Exercise: Reproduce the data exactly and drop any pictures it holds.

Data excerpt:
===
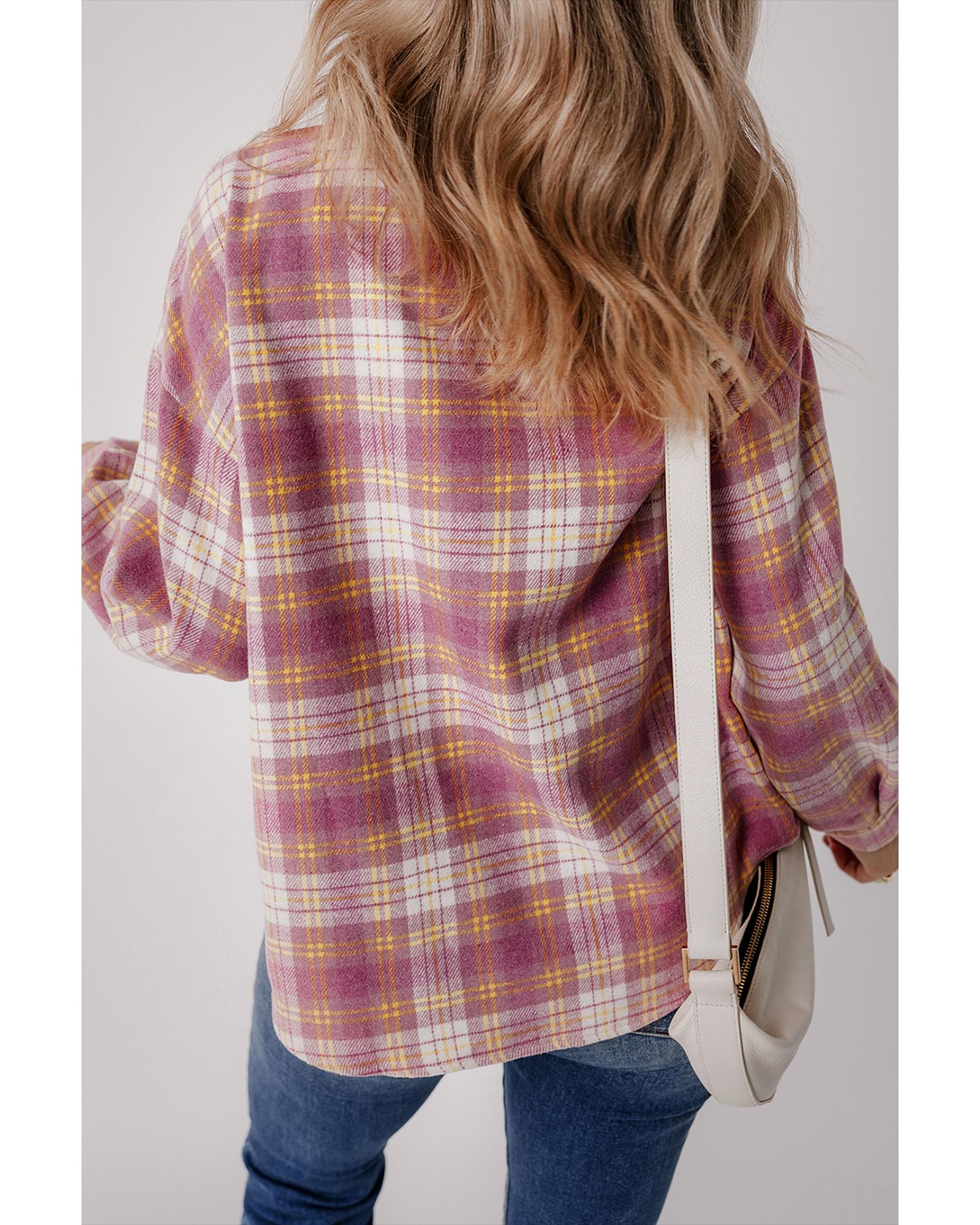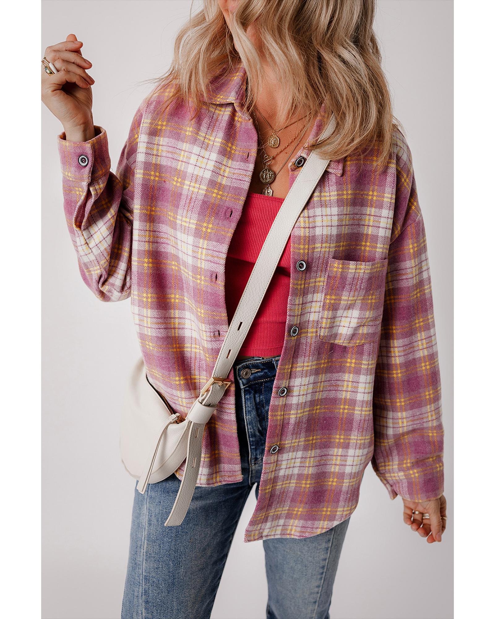 Pink Plaid Print Chest Pocket Long Sleeve Shacket – L
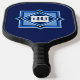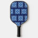This pickle ball paddle has a contemporary geometric design, in shades of blue. The front design is made up, of blue squares that overlap each other. In the centre there is an area for a monogram. On the back of the paddle there is a repeating patter of the design on the front.
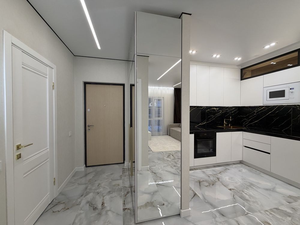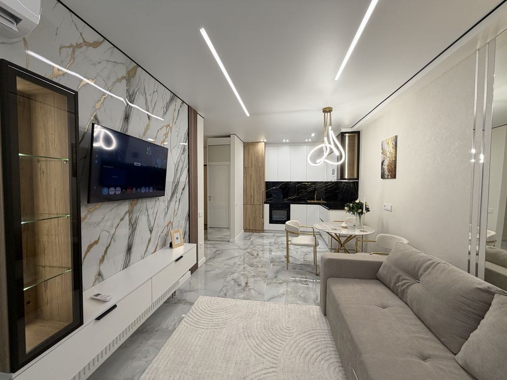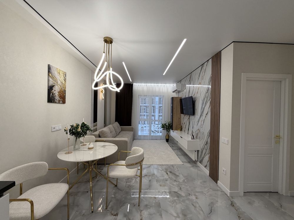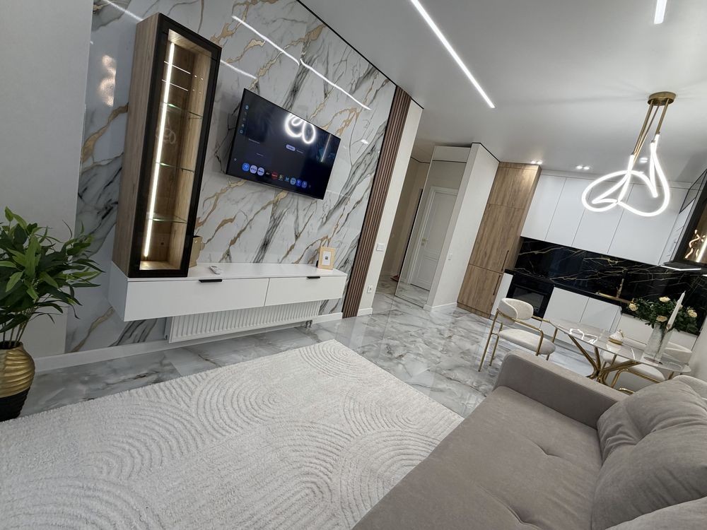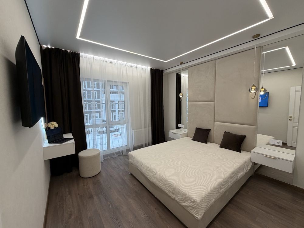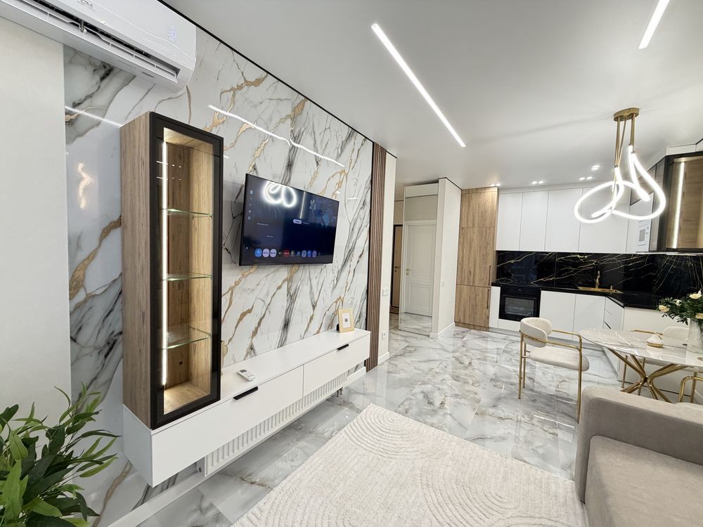 Квартира повністю укомплектована меблями з дорогих матеріалів та якісною побутовою технікою. Формат «заходь і живи».
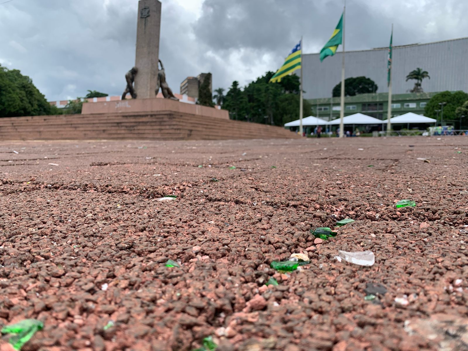 Após Carnaval, chão da Praça Cívica está repleto de cacos de vidro
===
Result of this task:
 Pink Plaid Print Chest Pocket Long Sleeve Shacket – L
This pickle ball paddle has a contemporary geometric design, in shades of blue. The front design is made up, of blue squares that overlap each other. In the centre there is an area for a monogram. On the back of the paddle there is a repeating patter of the design on the front.
 Квартира повністю укомплектована меблями з дорогих матеріалів та якісною побутовою технікою. Формат «заходь і живи».
 Após Carnaval, chão da Praça Cívica está repleto de cacos de vidro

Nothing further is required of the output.